Un archétype de l’expulsion des migrants

C’est la première d’une longue série, dans ce quartier et ailleurs, dans les semaines, les mois et années qui suivent. Mais, première du genre, elle en est l’archétype.

- Les migrantEs ne sont pas des interlocuteurs ou des interlocutrices, surtout collectivement. Aucun dialogue avec eux et elles, ni avant ni après.

- L’expulsion est précédée (et justifiée) par une campagne médiatique sur les dangers pour le quartier (épidémie, sécurité…).

- Toute l’opération est organisée via des associations prestataires de services pour l’État, France terre d’asile et Emmaüs, qui donnent un label « humanitaire » à ce qui n’est à l’arrivée qu’une opération de police.

- Ce n’est pas la présence des migrantEs (qui sont là depuis 8 mois), ni leur situation précaire qui a déclenché l’opération, mais leur visibilité devenue incontournable avec l’extension du campement.

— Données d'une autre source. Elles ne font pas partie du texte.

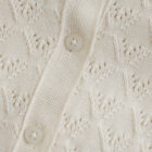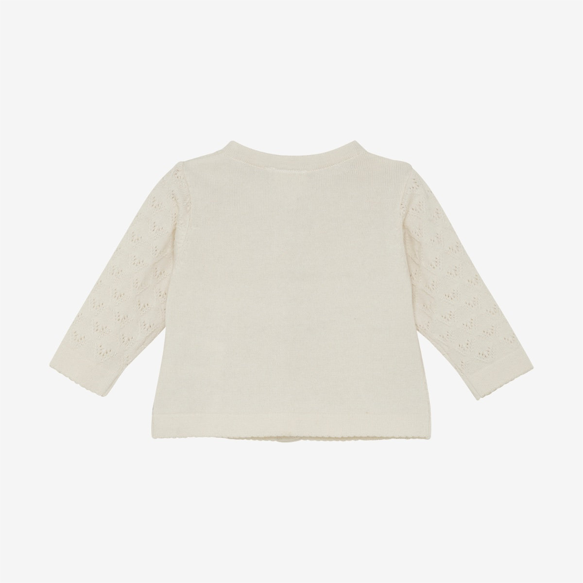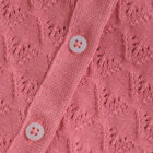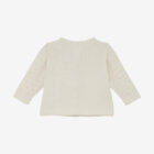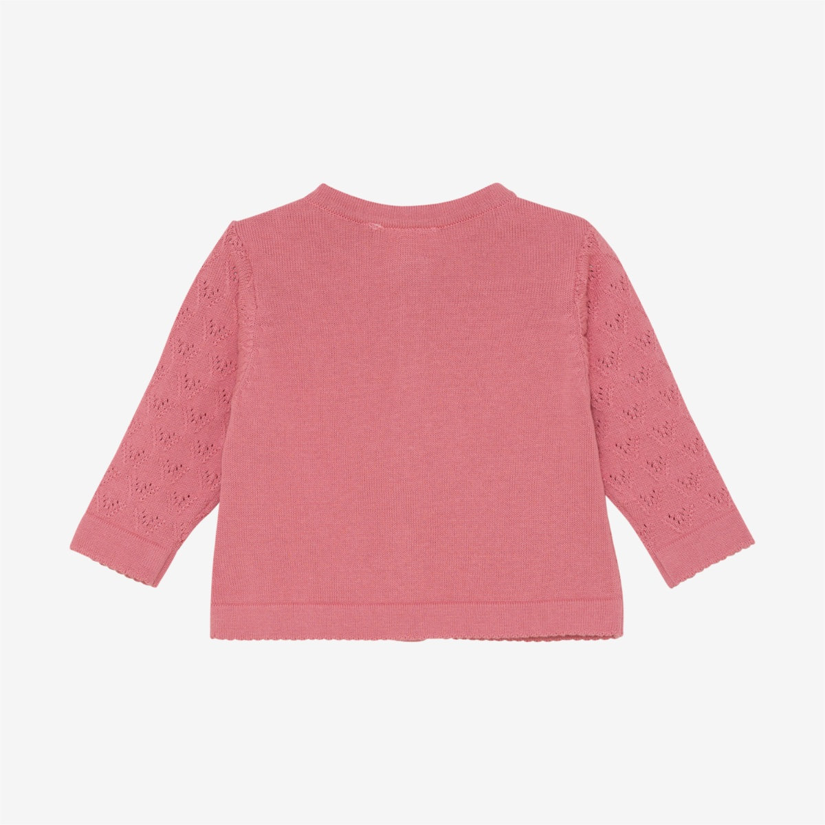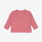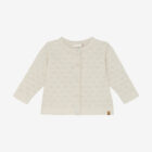 Cardigan from Minymo. The cardigan has a knitted, solid-colored pattern. It features buttons all the way down the front. Additionally, the edges are detailed. The cardigan is made of 100% cotton. Certified acc. to GOTS – organic CERES-0366

Alors que la maire de Paris annonce un « accompagnement personnalisé », l’objectif principal est de détruire le regroupement et de disperser les migrantEs. La moitié des migrantEs sont amenés dans un centre du 115 (hébergement à la nuit pour les sans-abris) et deux cars sont simplement déposés dans la rue deux stations de métro plus loin devant un centre de l’Armée du salut !

La préoccupation essentielle du pouvoir est d’éviter une reformation du campement. Les lieux sont immédiatement grillagés et des forces de police restent sur place.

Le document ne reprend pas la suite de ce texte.